Problem requirements: Look through the material below and copy exactly the lines from the line with "W latach 2014" to the line with "Bracelet - Elastic", those two lines included.

Record set:
━━━━━━━━━━━━━━━━━━━━
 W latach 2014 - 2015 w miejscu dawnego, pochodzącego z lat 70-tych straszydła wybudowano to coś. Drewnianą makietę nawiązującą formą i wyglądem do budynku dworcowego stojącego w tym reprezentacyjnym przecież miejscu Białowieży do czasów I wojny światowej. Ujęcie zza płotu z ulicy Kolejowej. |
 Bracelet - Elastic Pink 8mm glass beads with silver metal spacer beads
━━━━━━━━━━━━━━━━━━━━
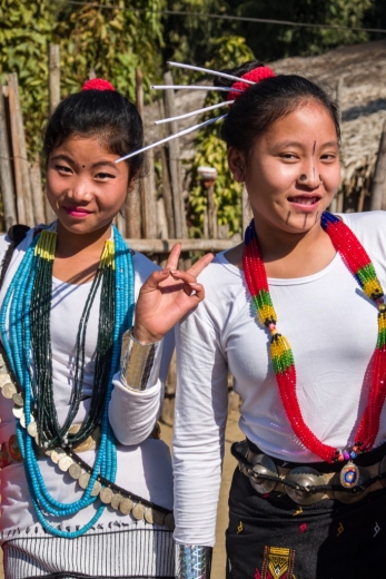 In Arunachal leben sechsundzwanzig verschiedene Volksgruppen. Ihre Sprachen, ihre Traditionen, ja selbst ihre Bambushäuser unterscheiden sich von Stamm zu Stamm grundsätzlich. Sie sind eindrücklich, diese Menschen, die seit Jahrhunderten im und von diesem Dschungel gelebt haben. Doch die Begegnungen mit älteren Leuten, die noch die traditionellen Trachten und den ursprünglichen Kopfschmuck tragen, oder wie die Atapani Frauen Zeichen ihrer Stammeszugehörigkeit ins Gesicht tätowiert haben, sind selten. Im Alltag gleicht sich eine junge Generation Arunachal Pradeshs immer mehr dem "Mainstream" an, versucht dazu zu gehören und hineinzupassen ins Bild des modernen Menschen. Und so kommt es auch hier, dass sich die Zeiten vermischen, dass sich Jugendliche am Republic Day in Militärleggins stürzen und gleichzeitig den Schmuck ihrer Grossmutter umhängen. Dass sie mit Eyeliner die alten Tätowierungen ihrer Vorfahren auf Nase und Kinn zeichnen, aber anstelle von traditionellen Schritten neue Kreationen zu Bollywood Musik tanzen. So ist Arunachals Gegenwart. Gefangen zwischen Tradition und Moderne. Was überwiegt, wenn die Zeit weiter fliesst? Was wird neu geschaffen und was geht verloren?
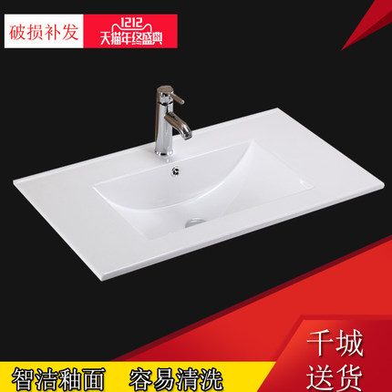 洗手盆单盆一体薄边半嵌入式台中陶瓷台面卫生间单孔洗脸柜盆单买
━━━━━━━━━━━━━━━━━━━━
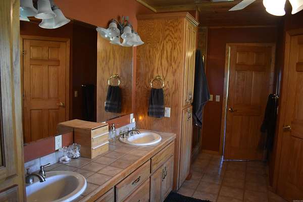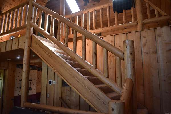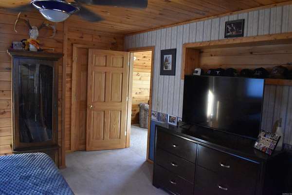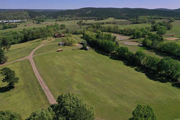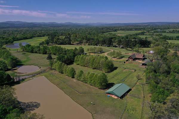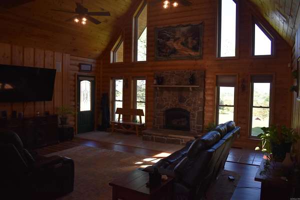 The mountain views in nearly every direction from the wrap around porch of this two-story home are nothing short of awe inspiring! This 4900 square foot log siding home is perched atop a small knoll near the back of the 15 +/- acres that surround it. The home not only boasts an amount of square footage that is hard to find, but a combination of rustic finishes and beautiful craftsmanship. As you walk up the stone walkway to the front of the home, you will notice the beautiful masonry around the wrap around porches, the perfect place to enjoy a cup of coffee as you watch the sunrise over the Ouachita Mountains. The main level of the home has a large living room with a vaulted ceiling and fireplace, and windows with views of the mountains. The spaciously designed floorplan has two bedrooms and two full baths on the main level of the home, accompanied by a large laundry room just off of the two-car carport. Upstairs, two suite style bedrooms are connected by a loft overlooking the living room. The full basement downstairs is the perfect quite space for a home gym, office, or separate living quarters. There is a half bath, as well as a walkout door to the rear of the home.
━━━━━━━━━━━━━━━━━━━━
Solution to the exercise:
 W latach 2014 - 2015 w miejscu dawnego, pochodzącego z lat 70-tych straszydła wybudowano to coś. Drewnianą makietę nawiązującą formą i wyglądem do budynku dworcowego stojącego w tym reprezentacyjnym przecież miejscu Białowieży do czasów I wojny światowej. Ujęcie zza płotu z ulicy Kolejowej. |
 Bracelet - Elastic Pink 8mm glass beads with silver metal spacer beads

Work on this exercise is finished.